The Little Big Story of Asset Management: Factories and Boutiques Create the Need for IT Upgrades
Abstract
Celent has released a new report titled The Little Big Story of Asset Management. The report was written by Jay Wolstenholme, senior analyst in Celent’s Securities and Investments practice.
Macroeconomic factors continue to influence the buy side and asset managers. Low/negative interest rate environment, high-cost operating environment, and increased operational demand from clients and regulators are all exogenous factors forcing the buy side business model to evolve. And only the adaptable, strong and efficient will evolve and survive.
This has fostered the factory/ boutique industry paradigm on the buy side. The factory/ boutique paradigm applies both to the investment side of the business and the vendor side.

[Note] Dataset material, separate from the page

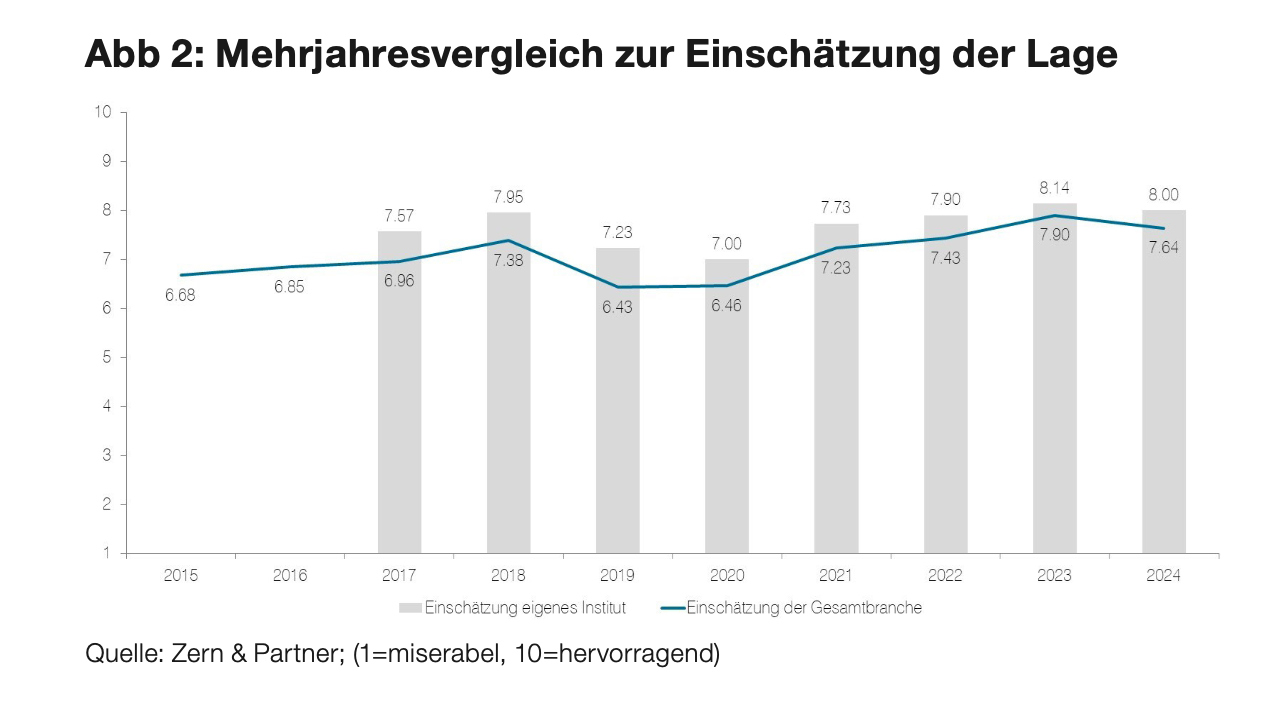 Die Einschätzung der Lage auf einer Skala bis zehn Punkten ist positiv, aber etwas tiefer als im Vorjahr. Im Vergleich zum Rekord 2023 mit 7,90 kommt ein Durchschnittswert von 7,64 heraus. Die Einschätzung der Lage des eigenen Instituts fällt mit 8,00, wie jedes Jahr, etwas höher aus. Gegenüber dem Vorjahreswert von 8,14 liegt der Wert jedoch ebenfalls etwas tiefer.
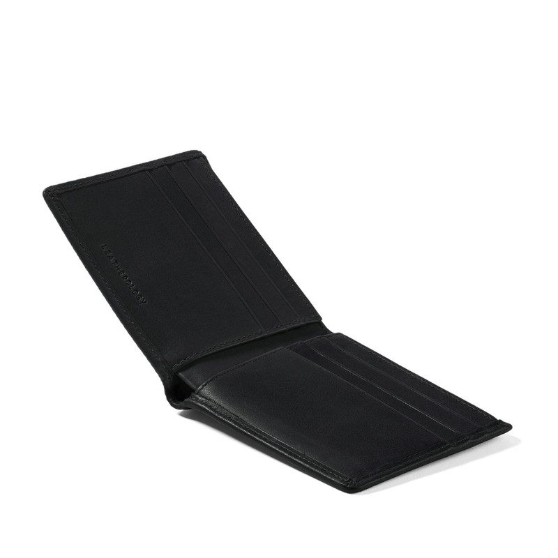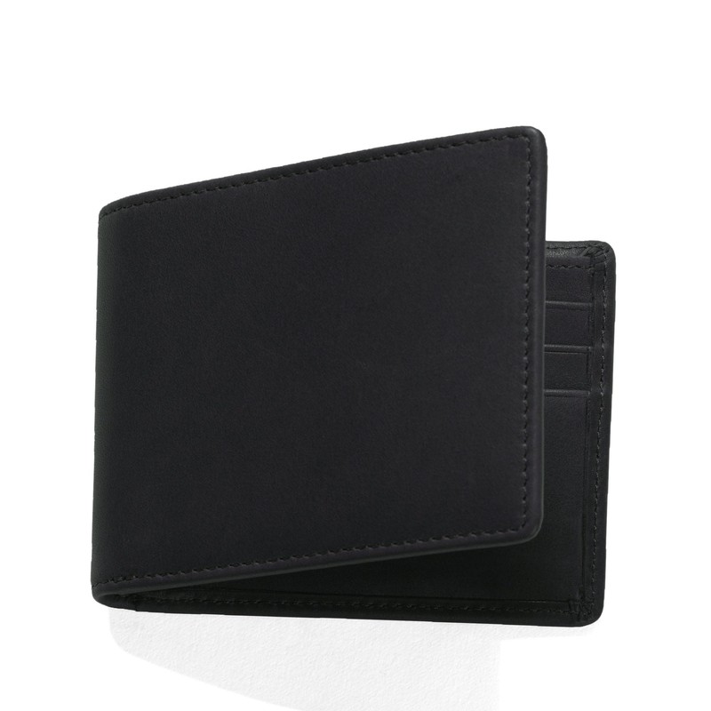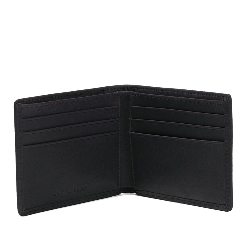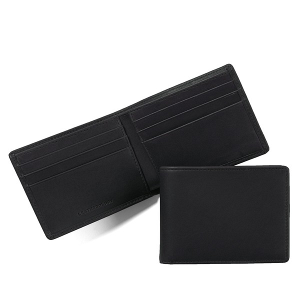 Leatherology Premium Black Oil Thin Bifold Wallet - 6 credit card slots, single bill compartment, 2 interior pockets for added storage

The large investment managers grow larger offering across the board investment products, expanding internationally, and expanding into the complete AUM levels of wealth management. Fees can be lowered and services made more efficient due to economies of scale.
In parallel, the larger technology vendors are providing lower-cost front-to-back solutions, continually expanding their client base up and down the AUM levels. This access to abundant and lower-cost asset management technology allows specialty asset management boutiques to flourish. Highly focused investment boutiques can access infrastructure/operations and technology at sustainable cost levels as never before.
Additionally this enables speciality technical analytical shops to focus on specific investment analysis/risk and utilize and connect with core technology through open interfaces, being able to leverage core infrastructure rather than being burdened with having to provide it.
The factory/boutique paradigm has evolved across multiple other industry groups and is currently unfolding across the buy side and financial markets.
“Within the buy side, significant transformation is afoot. The multitude of operational and technical sourcing options readily support the internalization and diverse asset allocations client are demanding up and down the AUM ladder,” comments Wolstenholme.